Beatport

As an application developer at the world's largest online retailer of electronic dance music, I worked closely with a large team of highly talented engineers. With millions of monthly uniques and petabytes of storage, Beatport's online music store is a large scale operation with plenty of real world challenges.

Beatport DJs

In September 2011, I joined the newly formed DJs team in Beatport's new satellite office in San Francisco. Our 5 man team came up to speed quickly coordinating remotely with the 25 person engineering department in Denver, CO. Our purpose was to expand the company's image from it's basic music sales roots to become an engaging destination for DJs and their fans.

  • Basic Functionality

    DJs can create a profile with a vanity URL to showcase their work.

  • Charts

    Prior to DJs, all charts on Beatport were created by hand by the content operations team. We built tools to allow DJs to build their own charts, allowing DJs to interact with Beatport in a way previously reserved for a select group of featured artists. In just a few months, the number of charts in the system doubled its 5 year running total.

  • Videos

    A video module was created to allow DJs to post youtube videos to their profile making use of data from the YouTube API.

  • Soundcloud

    A similar module was created allowing DJs to link their DJ profile with their soundcloud account, automatically displaying their newest tracks on Soundcloud on their DJ Profile using Soundcloud's API.

  • Events

    An events system was created to allow DJs to publish information about their upcoming events.

Beatport Mixes

In April 2012 I relocated to Beatport HQ in Denver to join the new 3 member Mixes team. In a two week sprint, we worked nights and weekends in close coordination with the Data Services and Infrastructure teams to create a fully functioning alpha version of the site in unprecedented time. The world's first legitimate marketplace for DJ mixtapes.

  • Basic Functionality

    DJs can create a Mix, upload a 500mb mp3 from their browser, associate beatport tracks with start times, reorder tracks, associate the mix with an event, preview the reencoded mix in their browser moments after upload and publish the mix for sale on Beatport.

  • Top 100

    In close coordination with Data Services, a system was created for collecting and publishing historically accessible top 100 charts for all mixes. Nightly data warehouse ETL scripts process order information in the DW and publish results to a separate historical top 100 schema accessible from the web tier.

Beatport Music Store

As a member of the engineering department, I stepped above and beyond my duties spearheading several efforts to improve the performance and efficiency of all Beatport properties.

  • Statsd

    In coordination with the infrastructure department, I helped implement a system for feeding an array of application performance metrics to statsd from the web tier. Below are a few examples of the type of information made visible by the system.

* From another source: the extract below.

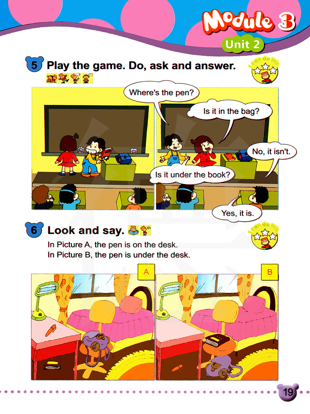 A图中,钢笔在书桌上。 B图中,钢笔在书桌下面。

    Api_Count         - Average number of internal API calls required to fullfill a request
    Api_Time          - Average time spent waiting for internal API responses
    Peak_Memory_Usage - Average peak memory usage
    Query_Count       - Average number of SQL queries required to fullfill a request
    Query_Time        - Average time spent waiting for SQL query results
    Response_Size     - Average HTTP response body size
    Solr_Count        - Average number of solr queries required to fullfill a request
    Solr_Time         - Average time spent waiting for solr query response
    View_Render_Time  - Average time spent rendering the view
    Zend_Request      - Average response time
          
  • Timers and Projects

    10 timers were created; each timer is split by project

  • Endpoints

    Each timer for each project is split by endpoint {{controller}}-{{action}}

  • HTTP Caching

    Here we can see a drastic reduction in request volume for key high traffic endpoints as a result of some aggressive HTTP caching

  • Caching Twig

    Here we clearly see a drastic reduction in application response time after properly configuring the Twig view cache

  • Session DB Perf.

    This graph helped alert us to a growing performance problem with the session database. Switching from MyISAM to InnoDB fixed table locks on a high WPS table.

  • Defect Detection

    A defect introduced on Aug 14th is clearly visible in the response time graph. Since it does not directly effect availability, it is fixed with the next release.

  • View Render Time

    By removing incidental doctrine queries from the view layer, the view rendering time is drastically reduced

  • Memory Usage

    By removing unnecessary heavy components such as Doctrine, the memory footprint of many internal APIs is improved.

  • API Evolution

    This graph illustrates the point at which we switched many of our internal apps from version 2 to version 3 of our most highly trafficked API.

  • High Level Overview

    A high level view shows a decrease in response time and variability across the board over a 6 month period

  • DB Query Volume

    A department initiative to cache internal API responses and reduce the query volume from web applications brings a huge reduction in QPS to the db tier.

  • More HTTP Caching

    More agressive HTTP Caching for logged out users reduces request volume to the accounts project by 40%.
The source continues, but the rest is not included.